TEMPO.CO, Jakarta - Komisi Kejaksaan (Komjak) menegaskan bahwa kolaborasi penegak hukum, yakni Kejaksaan, Polri dan Komisi Pemberantasan Korupsi (KPK) harus mampu menjerat oknum politisi yang diduga terlibat mafia hukum kasus Djoko Tjandra.
"Publik tidak mempersoalkan koordinasi dan supervisi. Tetapi publik mengharapkan para bandit penjahat ini ditindak," kata Ketua Komjak Barita Simanjuntak, dalam pernyataan tertulisnya, Rabu 23 September 2020.
Hal itu didasarkan pada sangkaan yang kepada Jaksa Pinangki Sirna Malasari atas dugaan suap, pencucian uang dan permufakatan jahat.
Dalam kaitan dugaan permufakatan jahat, Komjak menekankan pemberantasan praktik mafia hukum yang melibatkan lintas profesi seperti oknum penegak hukum, oknum penasihat hukum, oknum pengusaha dan oknum politisi diharapkan dapat diungkap tuntas melalui kerja sama penegak hukum, baik Polri, Kejaksaan dan KPK.
Barita mengatakan berdasarkan ekspose yang dilakukan Komjak pertama kali terkuak bahwa Jaksa Pinangki yang tidak berperan sebagai penyidik jaksa dan tidak memiliki kewenangan eksekusi justru menjadi salah satu sosok sentral kasus tersebut.
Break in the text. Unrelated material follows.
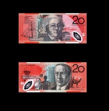 (20)05. Black and red on orange and pale green underprint. Mary Reiby at center, sailing ship at left. Compass OVD in transparent window at lower right. Biplane at left, Reverend John Flynn at center right, camel at right on back. Names added below portraits. Polymer plastic.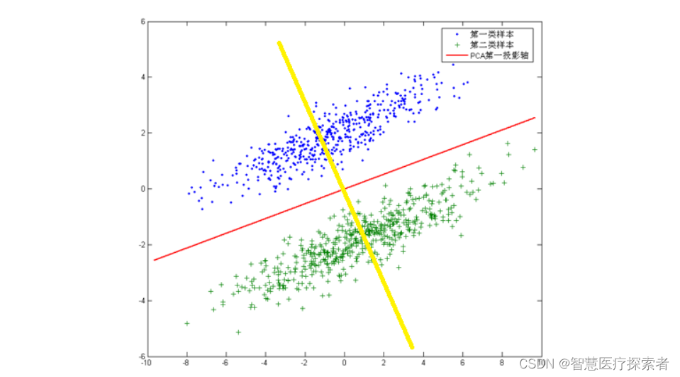 针对这个数据集,如果同样选择使用PCA,选择方差最大的方向作为投影方向,来对数据进行降维。那么PCA选出的最佳投影方向,将是图中红色直线所示的方向。这样做投影确实方差最大,但是是不是有其他问题。聪明的你发现了,这样做投影之后两类数据样本将混合在一起,将不再线性可分,甚至是不可分的。这对我们来说简直是地狱,本来线性可分的样本被我们亲手变得不再可分。而我们发现,如果使用图中黄色直线,向这条直线做投影即能使数据降维,同时还能保证两类数据仍然是线性可分的。上面的这个数据集如果使用LDA降维,找出的投影方向就是黄色直线所在的方向。

"Kemudian, muncul oknum penasihat hukum Anita Kolopaking, serta Andi Irfan Jaya, pengusaha sekaligus mantan politisi NasDem yang tak lain adalah Badan Pemenangan Pemilu (Bappilu) Nasdem Sulawesi Selatan. Ini sudah kelihatan benang merahnya bahwa diduga ada mafia sindikat atau industri hukum yang bermain di sini," ujar Barita.
Untuk itu, kata dia, penegak hukum harus mendalami seluruh pihak yang terlibat termasuk informasi dugaan adanya politisi yang menjadi bagian dalam kasus itu sebagai penegakan asas "equality before the law" dan "due process of the law".
Komjak meyakini penyidikan kasus itu belum selesai karena masih dapat didalami dari keterangan Djoko, Jaksa Pinangki dan Andi Irfan yang juga dijerat pasal pemufakatan jahat.